Although rainbow trout are not native to Colorado, they quickly became a key piece of the state’s fishery when they were introduced in the late 1800s. As recreational fishing became more important, the speckled trout were highly valued for their longevity, their willingness to rise to dry flies and for their splashy acrobatics once hooked.

But entire rainbow trout populations quickly vanished from some Colorado rivers and lakes beginning in the 1980s, when whirling disease was accidentally introduced to the state in a shipment of hatchery fish from Idaho. Parasitic spores – part of a complex life cycle involving mud-dwelling worms – were infecting the fish and spreading like wildfire. To make matters worse, the DOW continued stocking infected trout for four or five years after they first discovered the problem, thinking that wild populations were resistant.

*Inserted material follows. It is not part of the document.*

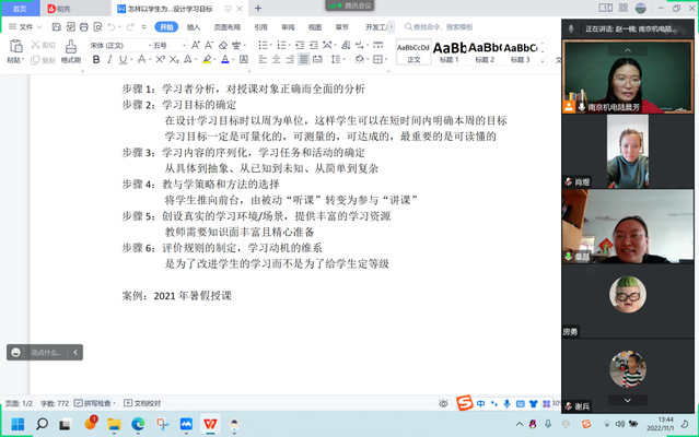 10月18日下午,机械制造及自动化教研室开展了本学期的第九次教研活动,本次活动的主题是:如何以学生为发展中心设计学习目标?受疫情影响,本次活动有六位老师通过腾讯会议线上参加,三位老师线下参加,教研会由陆晨芳老师主持。
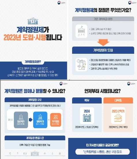 계약학과 제도의 규제가 대폭 완화됨에 따라 현장에서 계약학과를 설치·운영하는데 혼란을 방지하고 대학 담당자가 관련 내용을 충분히 이해할 수 있도록 5월 25일(목), 한국연구재단에서 계약학과 제도 설명회를 개최한다. 아울러, 대학과 기업 담당자 등의 행정 편의를 제공하기 위해 개정한 내용에 맞춰 제작한 업무설명서도 교육부 누리집을 통해 배포한다.

By the early 1990s, rainbow populations simply collapsed, disappearing entirely from some rivers and lakes, with only a few remnant populations holding on. Some rainbow populations in the high country also managed to avoid the worst of the disease, based partially on the fact that fast-running mountain streams don’t have the layer of mud on the bottom that provide the ideal environment for the parasite-hosting worms.

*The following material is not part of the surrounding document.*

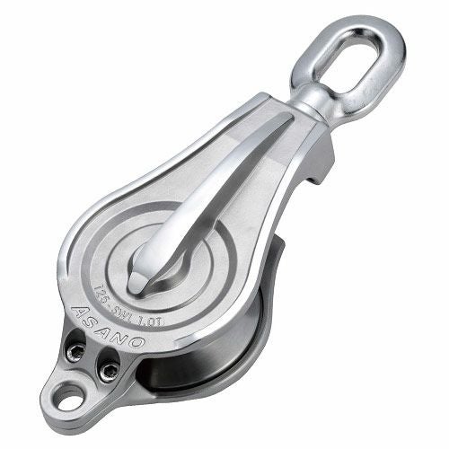 ASANO 巾広ワニブロック (ベアリング入) の特長 巾広タイプのシーブを採用した開放型のブロックです。ロープも通過しやすい広めのシーブ幅で、シーブ端面は本体に入り込んでいてロープも絡みにくい設計です。ベアリング入りのシーブは円滑な回転を促進します。シーブ軸を本体と一体構造にし、大きくせり出した本体のリブとともに強度のアップに貢献します。

In 2003, the state wildlife agency started fighting back against the disease by crossing Colorado River rainbows with a resistant strain of trout from Germany. The goal was to blend the resistance of the Hofer trout with the desirable game fish qualities of the Colorado River strain.

The cross-bred fish were exposed to high doses of the parasite, and those that showed the greatest resistance were kept to breed the next generation.

Five years later, the DOW has started to raise large quantities of the resistant trout. About 20,000 resistant rainbows have already been stocked in the Gunnison River, Schisler said.

“Our goal is to reduce the spore burden wherever we stock,” Schisler said. As the resistant fish breed with remnant populations, they will infuse those genetic qualities back into the wild, he explained.

If all goes according to plan, Anglers may once again be able to catch wild rainbows in Colorado’s rivers and streams.